Women with the BRCA1 and 2 genes are more likely to develop breast cancer. Some opt for a preventive mastectomy rather than face the odds. Again, an agonizing choice.
These predicaments all stem from a revolution in health care — the rise of personalized medicine. With the human genome now fully mapped, it is becoming possible to predict illnesses that lie ahead for each of us, perhaps decades in our future. Blissful ignorance, increasingly, will be a thing of the past.
Of course, the ability to foresee the future also offers, in some cases, the ability to change it.
For more than two centuries, a group of families in Newfoundland suffered a history of sudden, inexplicable fatalities.
Seemingly fit men and women, many in their 20s and 30s, suddenly dropped dead for no apparent reason. Rosalie Cater’s brother Graham died at a restaurant at the age of 26. Her brother Terry collapsed and died on his back porch, aged 43. Her nephew, a teacher, fell to the floor and died in front of his students. He was 28.
An examination of family genomes revealed a mutation that interfered with heart function. With that knowledge, family members who shared the mutation were pre-emptively fitted with pacemakers. Over the years, every one of them has had the device fire at least once. Cater’s son Tim was saved when his defibrillator switched on while he was playing hockey.

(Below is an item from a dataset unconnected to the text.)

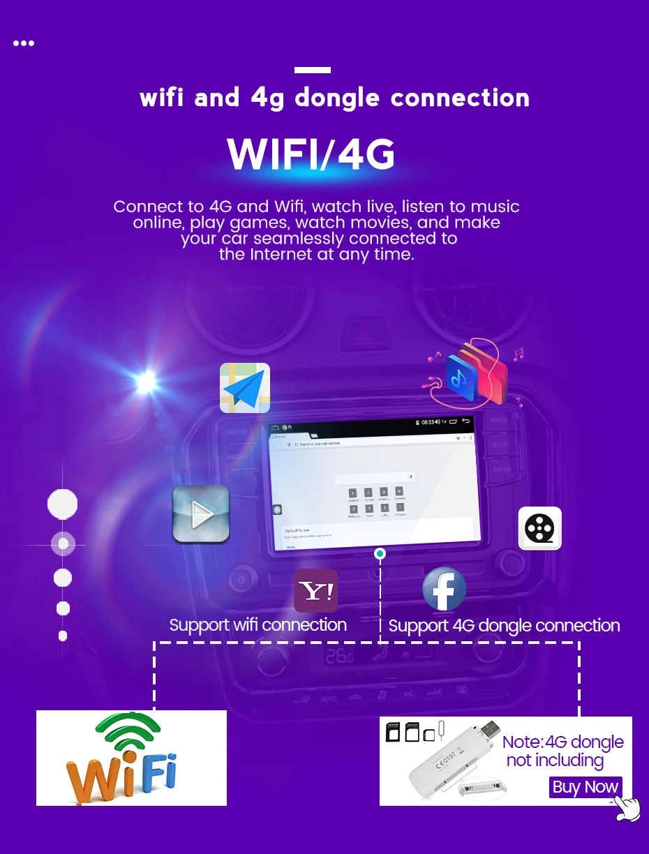 Благодаря сети 4G и встроенному Wi-Fi вы можете наслаждаться серфингом в Интернете независимо от того, где вы находитесь, что делает его возможным для онлайн-навигации/музыки/кино и т. Д. Перед включением устройства вставьте sim-карту.

At the University of B.C.’s new brain-research centre, the family history of 25,000 Alzheimer’s patients is being painstakingly assembled. A genetic mutation has been identified in some of the patients, and a new drug to neutralize the defect is undergoing clinical trials.
The medication, if it works, will be effective on only a small percentage of patients. But the expertise gained might lead to treatments with wider applications.
In theory, other neurological diseases such as Parkinson’s and multiple sclerosis, also cancer, and perhaps psychological ailments like depression, are susceptible to gene-based analysis and treatment.
These techniques are still in their infancy. There are many obstacles to overcome. But it seems inevitable that, over time, they will revolutionize the practice of medicine.
And they will change forever the way we live our lives. It is said that a little knowledge is a dangerous thing. With personalized medicine, we have the potential for a lot of information — perhaps more than we can easily handle.
Events that once seemed like bad luck will gradually become preventable. And insights of that kind will demand our attention.
Where this leads is anyone’s guess. But it seems probable that future generations will live far more watchful lives, with genetic counsellors to guide their decisions.
Our grandparents took comfort in the belief that sufficient to the day is the evil thereof.
In contrast, our children might have the anxiety of knowing exactly what evils await but also, we hope, the power to forestall them.